Le plan, officiellement proposé par le président turc, prévoit la création d’une « zone tampon » en territoire syrien le long de la frontière avec la Turquie, renforcée par une « no-fly zone » établie sur la Syrie nord-orientale formellement pour protéger les civils des attaques des avions gouvernementaux syriens (qui de fait aujourd’hui déjà ne peuvent pas survoler la zone, dominée par la U.S. Air Force). Le plan est en réalité le produit de la stratégie Usa/Otan : comme le confirment le Secrétaire à la défense Hagel et le général Dempsey, la plus haute autorité militaire étasunienne, qui se sont déclarés « disponibles pour considérer la requête du président Erdogan ». La création d’une zone tampon est « devenue une possibilité », a déclaré le général Dempsey, en ajoutant qu’elle requerrait « des attaques aériennes pour mettre hors d’usage le système des défense aérien du gouvernement syrien » (The New York Times, 27 septembre).
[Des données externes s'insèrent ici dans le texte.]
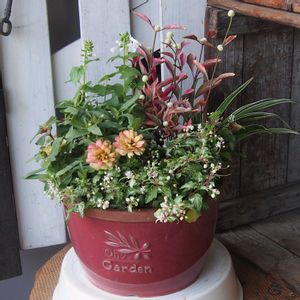 ラズベリーピンクのテラコッタに!ジニア.ベリーダブルの 寄せ植え #Garden#gardening #flower #ガーデン#ガーデニング #寄せ植え#花の寄せ植え #コンテナガーデン #花と緑のある暮らし #癒やし#メルカリ #鉢花#フラワー#ナチュラル#秋#花#humminggarden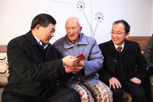 1月23日,陜煤化集團(tuán)副總經(jīng)理朱周岐在物資集團(tuán)董事長(zhǎng)沈蘭禹,副總經(jīng)理、物資公司總經(jīng)理郭旭東及相關(guān)部門負(fù)責(zé)人的陪同下,前往唐都醫(yī)院病房看望慰問患病勞模牟社民,為他送去誠(chéng)摯的問候和節(jié)日的祝福。

La Turquie est aux avant-postes de l’opération militaire contre la Syrie : ici l’Otan a plus de vingt bases aériennes, navales et d’espionnage électronique, renforcées en 2013 par 6 batteries de missiles Patriot étasuniens, allemandes et hollandaises, pouvant abattre des vélivoles dans l’espace aérien syrien. A ces bases s’est ajouté un des plus importants commandements de l’Alliance : le Landcom, responsable de toutes les forces terrestres des 28 pays membres, activé à Izmir (Smyrne) (voir il manifesto du 16 juillet 2013)[1]. Le déplacement du commandement des forces terrestres alliées de l’Europe à la Turquie –adossées au Moyen-Orient (en particulier Syrie, Irak et Iran) et à la Caspienne- indique que, dans les plans USA/Otan, on prévoit l’emploi aussi de forces terrestres alliées dans cette aire de première importance stratégique. Le Landcom, aux ordres du générale étasunien Hodges, fait partie du Jfc Naples, la Force conjointe alliée dont le quartier général est à Lago Patria, aux ordres de l’amiral étasunien Ferguson : celui-ci est en même temps commandant de la Force conjointe alliée, des Forces navales étasuniennes en Europe et des Forces navales du Commandement Africa. Un jeu stratégique des trois cartes, qui permet au Pentagone de toujours garder le commandement.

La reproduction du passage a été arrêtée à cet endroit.